What's Happening?
According to a report by Swiss Re Institute, wildfires, severe convective storms, and floods accounted for a record 92% of global natural catastrophe insured losses, totaling $107 billion in 2025. The Palisades and Eaton fires in Los Angeles alone resulted
in $40 billion in insured losses. Severe convective storms, including hailstorms and damaging winds, contributed $51 billion to the total. Despite these high figures, global flood-related insured losses were below average at $3.4 billion. The report highlights that while 2025's losses were below the long-term growth trend due to the absence of a major U.S. hurricane, insured losses are still rising annually by 5% to 7% in real terms.
Why It's Important?
The report underscores the increasing financial impact of natural disasters on the insurance industry, with insured losses expected to reach $186 billion by 2030 if trends continue. This rise in losses highlights the growing need for effective risk management and adaptation strategies.

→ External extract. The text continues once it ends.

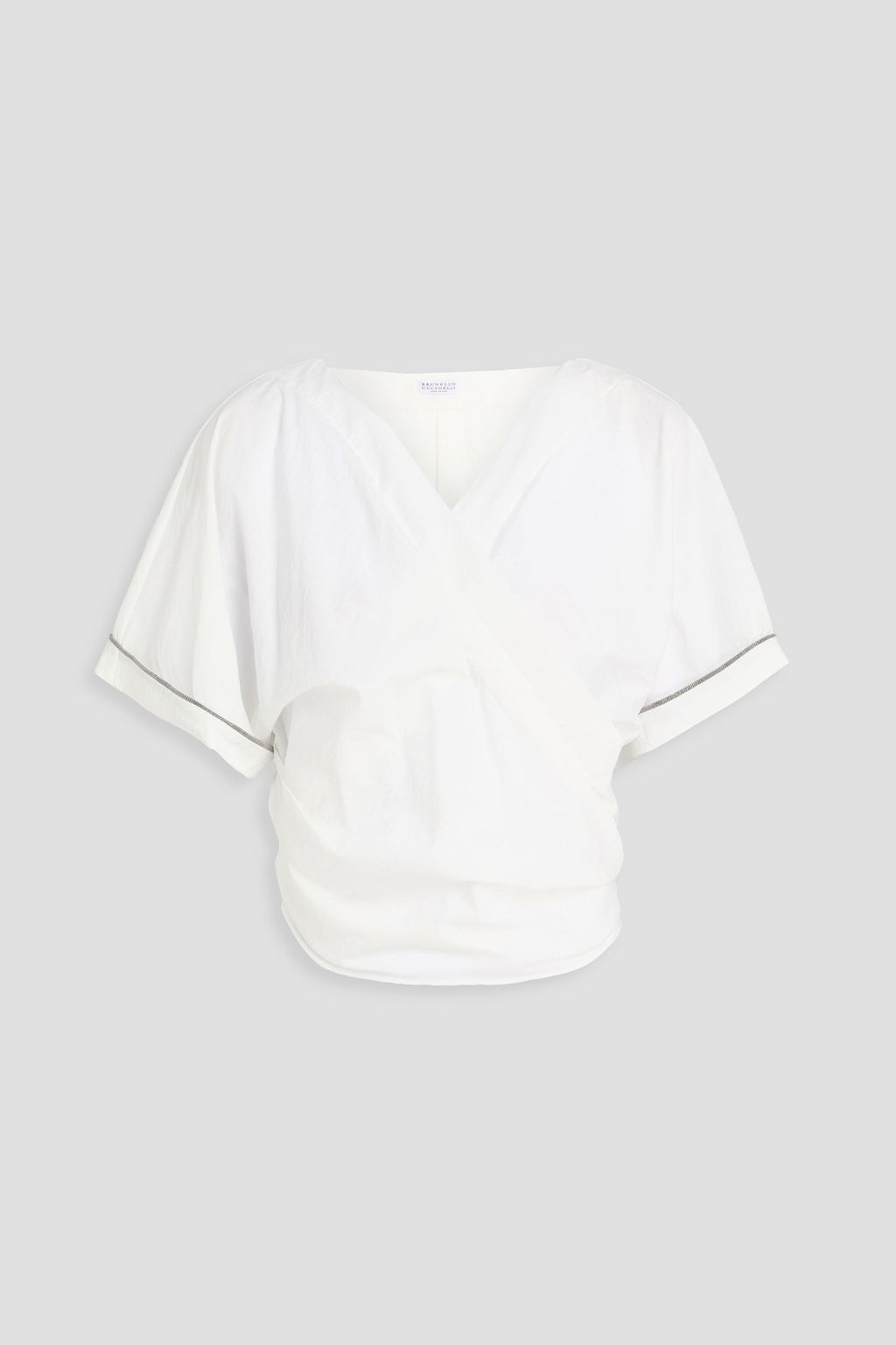 BRUNELLO CUCINELLI Cropped bead-embellished cotton-blend wrap top

The insurance industry plays a crucial role in closing protection gaps, especially in emerging economies where 80-90% of catastrophe losses are uninsured. The findings emphasize the importance of integrating insurance coverage with risk-adaptation measures to mitigate future losses and ensure economic stability.
What's Next?
Swiss Re's report suggests that if natural catastrophe losses return to long-term levels, they could total $148 billion in 2026. The insurance industry is urged to identify risk drivers and implement measures to manage and reduce risks before losses occur. The report also calls for stronger adaptation and risk management strategies, particularly in emerging economies, to address significant underinsurance for low-frequency, high-impact events like earthquakes.